* [Requirement]:
All of the data below should be printed again word for word, pictures excluded.

(Beginning of Dataset excerpt)

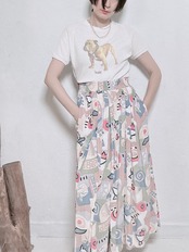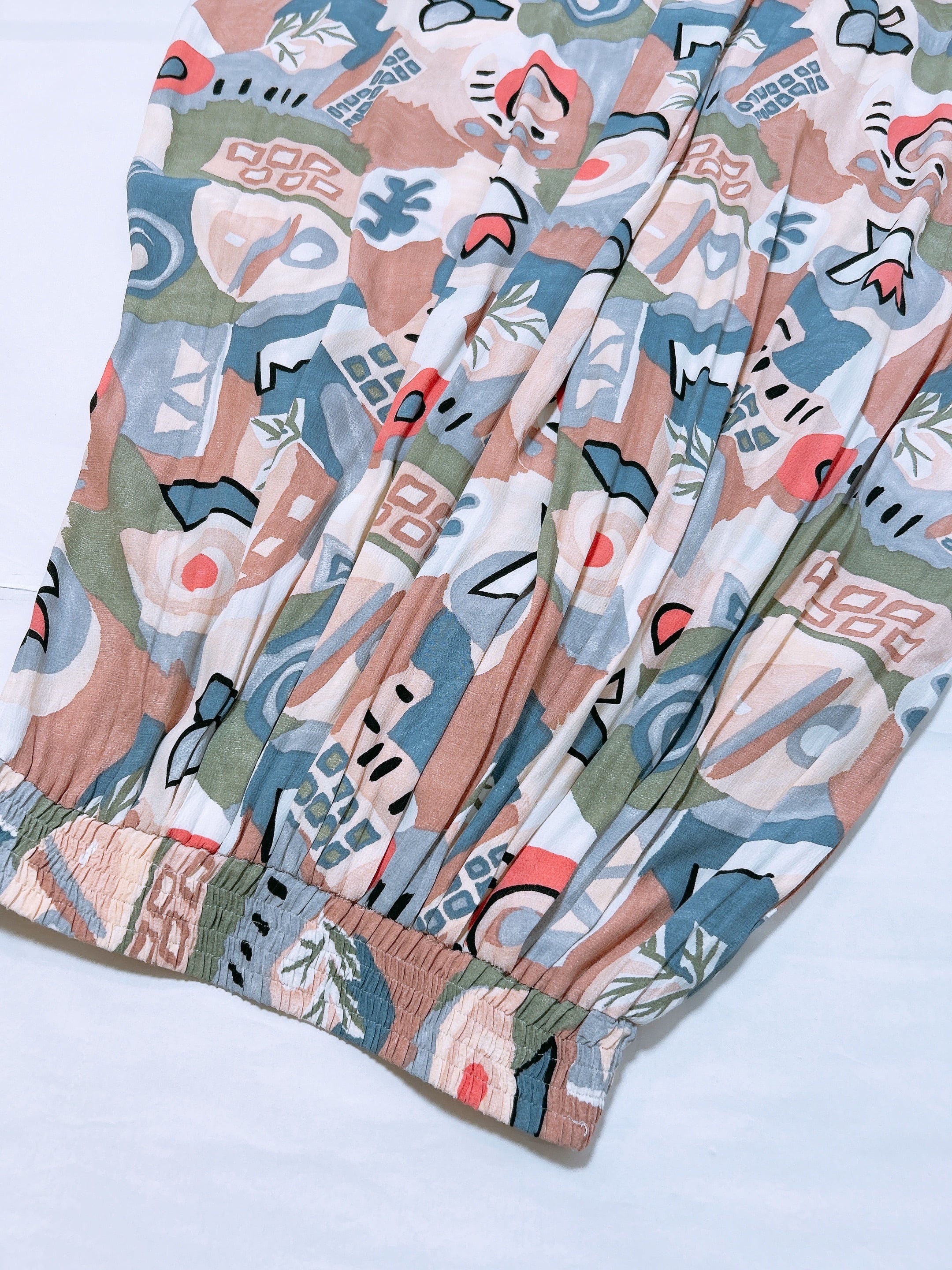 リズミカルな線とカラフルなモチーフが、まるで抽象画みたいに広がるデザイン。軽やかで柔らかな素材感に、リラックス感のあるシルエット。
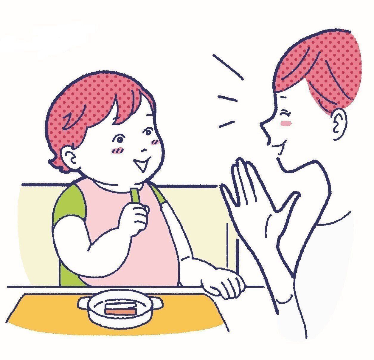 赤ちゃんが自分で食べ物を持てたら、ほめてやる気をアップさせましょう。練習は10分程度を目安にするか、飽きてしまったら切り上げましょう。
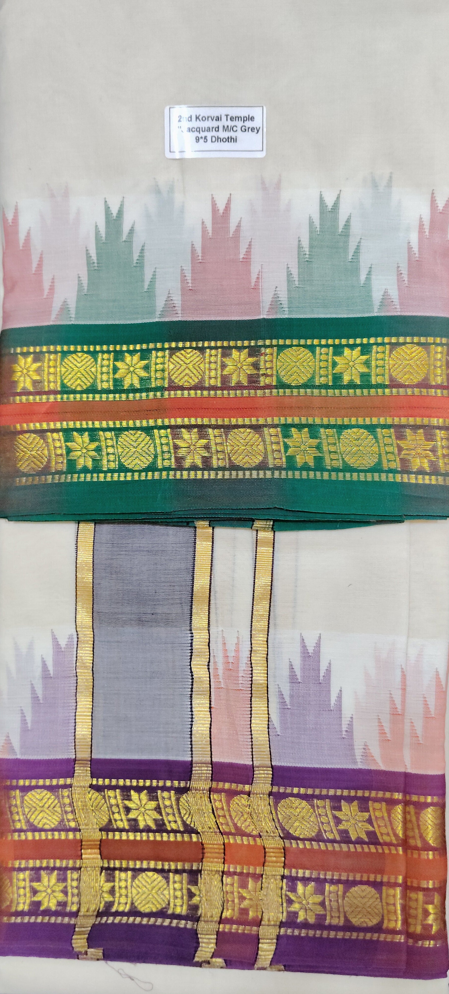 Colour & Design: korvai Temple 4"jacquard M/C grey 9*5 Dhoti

(End of Dataset excerpt)

* [Solution to this problem]:
 リズミカルな線とカラフルなモチーフが、まるで抽象画みたいに広がるデザイン。軽やかで柔らかな素材感に、リラックス感のあるシルエット。
 赤ちゃんが自分で食べ物を持てたら、ほめてやる気をアップさせましょう。練習は10分程度を目安にするか、飽きてしまったら切り上げましょう。
 Colour & Design: korvai Temple 4"jacquard M/C grey 9*5 Dhoti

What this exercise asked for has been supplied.